Gang Insignia and Garb Barred at the County Fair

The policy banning “gang insignia and garb at the Marin County Fair is reportedly being called racially discriminatory by the Northern California ACLU.

In addition to statistical evidence about the racial and age characteristics of persons usually targeted, the very notion of what constitutes gang attire or insignia is constitutionally fraught.  There is little consensus among statutes, policies, law enforcement, and academics about the indicia of gang membership or even what constitutes a gang.    Are the fans of Insane Clown Posse a gang?  (The FBI once decided they were, but changed its mind).  And is wearing the color blue or sportsgear or having a tattoo with one’s nickname sufficient proof of gang membership?

And, intriguingly, who decides what constitutes gang attire?  Common knowledge?  Police officer testimony?  An outdated handbook?

The Ninth Circuit Court of Appeals considered a challenge to an anti-gang dress code by members of the “Top Hatters,” who were escorted off the grounds of the Gilroy Garlic Festival, not so far from Marin County.  The offending attire was vests that included an image of a skull with wings and a top hat with the words “Top Hatters” above the top hat and the word “Hollister” written below.   Despite the fact that an on-duty police officer “escorted” the vest-wearers off the festival grounds, the Ninth Circuit ultimately held in Villegas v. Gilroy Garlic Festival that the festival was not governmental, and thus the Top Hatters could not claim any constitutional rights.  This does not seem to be the case with Marin County.

However, the lower court in the Garlic Festival case also struggled with whether the Top Hatters had a First Amendment claim of “speech” asking whether the badge on their vests was conveying a generally understood message?   This “catch-22” – – – that the person must prove that their dress conveys a message even as the state is seeking to ban that message – – – can complicate First Amendment challenges to bans on gang attire.

These First Amendment claims often merge with Due Process claims.  The United States Supreme Court has declared unconstitutional Chicago’s city ordinance criminalizing loitering by gang members.  On the other hand, the California Supreme Court has upheld a prosecutorial injunction banning gang members from wearing clothing bearing specific numbers, although it limited the ban to “the conscious expression of gang affiliation, support and allegiance.”

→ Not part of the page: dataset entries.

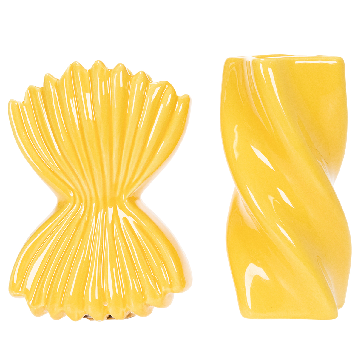 Estes vasos decorativos de cerâmica cativam à primeira vista com seu design excepcional, inspirado nas formas lúdicas das populares massas italianas. Perfeitos para quem aprecia decorações originais e peças de design moderno! A combinação do amarelo vibrante com o design detalhado torna estes vasos um acessório elegante para salas de estar ou escritórios com estilo mediterrâneo. Combine estas peças de design com uma toalha de mesa simples ou uma decoração de inspiração mediterrânea para um visual harmonioso.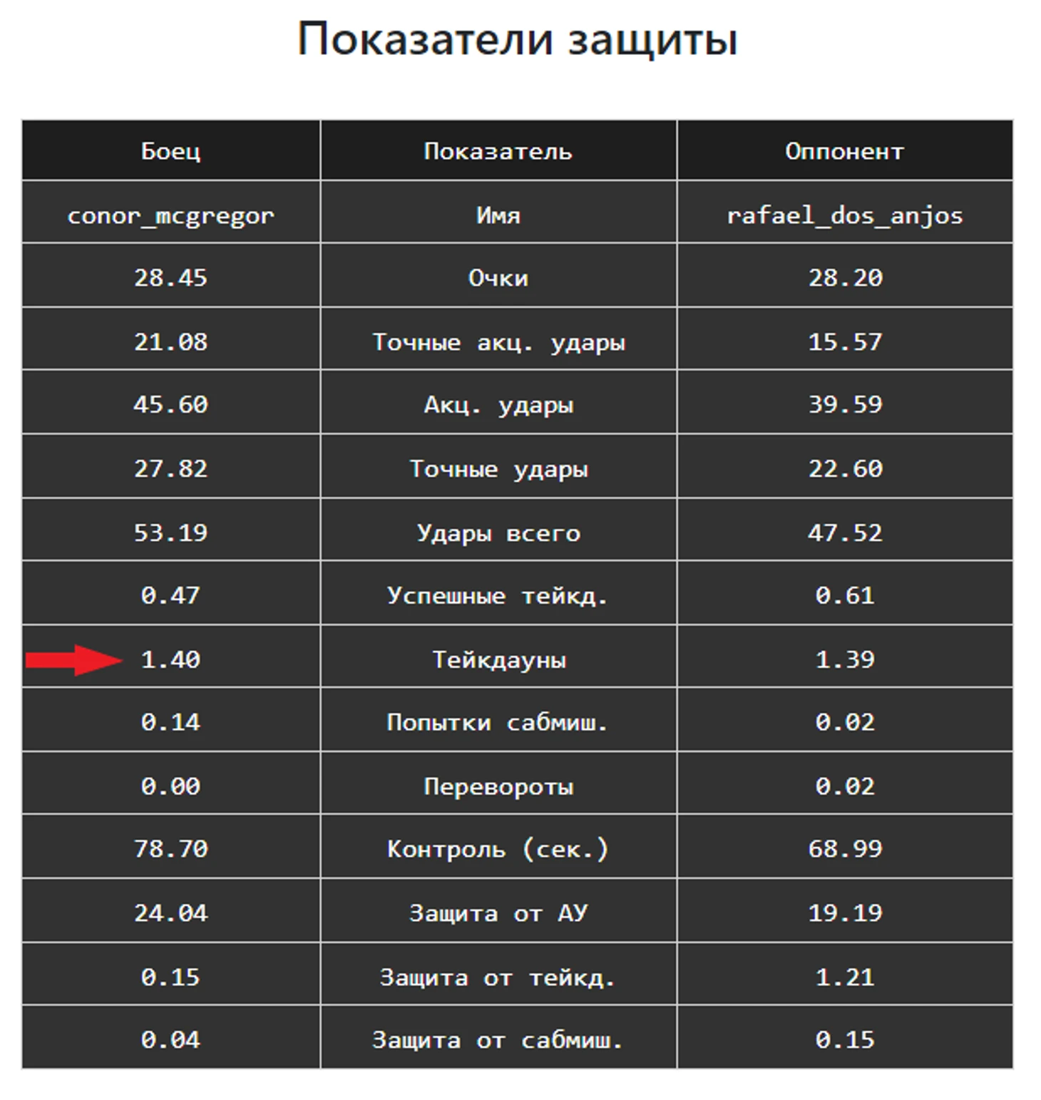 Возьмем строку «Очки», и посмотрим, за счет чего МакГрегор обычно зарабатывает «любовь» судей. На первом месте идут «Точные акцентированные удары». То есть существует прямая зависимость между количеством точных ударов и заработанными очками (если бы коэф. шел с минусом, то это была бы обратная зависимость, аля чем больше бьет тем меньше очков зарабатывает). Смотрим дальше. «Защита от акцентированных ударов» тоже выделен зеленным цветом и равен 0,79. То есть и защищаясь от ударов оппонентов, судьи добавляли ему балов. И наконец третий показатель «Защита от тейкдаунов». Вот тут уже нужно быть внимательным. Показатель не такой уж и значимый, но все равно существенный для этого бойца. Скорее всего МакГрегору пытались часто провести тейкдаун, от которых он защищался и судьи присуждали ему дополнительные балы. Проверим эту гипотезу. Смотрим в средние показатели оппонентов и видим, что в среднем за раунд ему пытались провести 1,4 тейкдауна.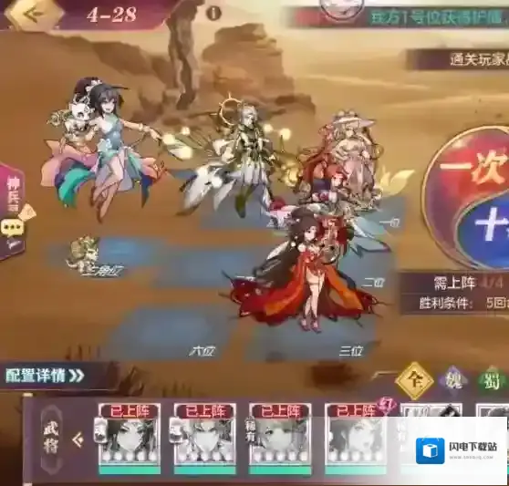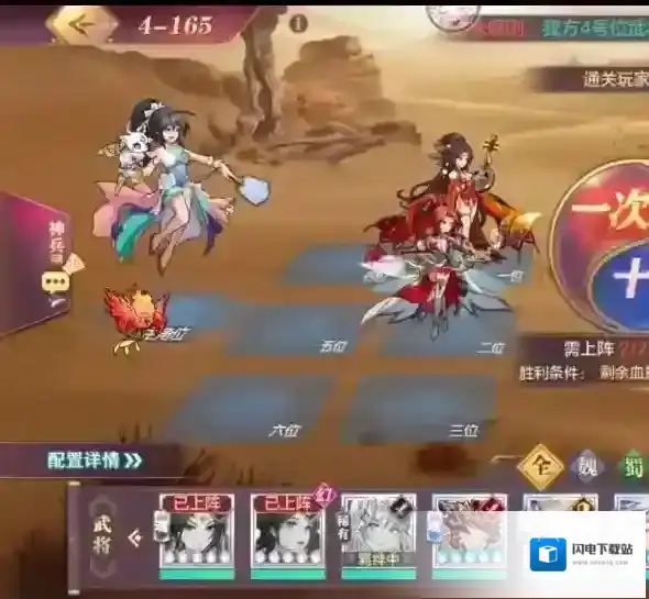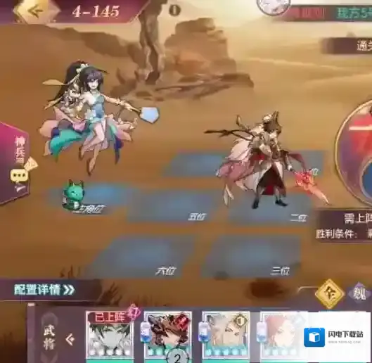 阵容:诸葛果+专武吕玲绮+专武貂蝉+雷霆赵云(诸葛亮羁绊)+姜维+专武蔡文姬

But race combined with age and gender are overriding factors in the construction of “gang” and “gang membership.”  For example, in Los Angeles, almost half of African-American men between the ages of 21-24 were listed on the gang database; since most did not have criminal records, presumably these men favored gang attire.  In Minnesota, with a population that is approximately five percent African-American,  a 2009 report notes that African-Americans represented approximately half of the persons listed in the gang databases.  The report also expressed community concern that the criteria for inclusion in the database highlighted “factors” – – – including attire and tattoos – – – “that are synonymous with the urban youth culture.”

In short, how can Marin County be sure it is not simply banning a style?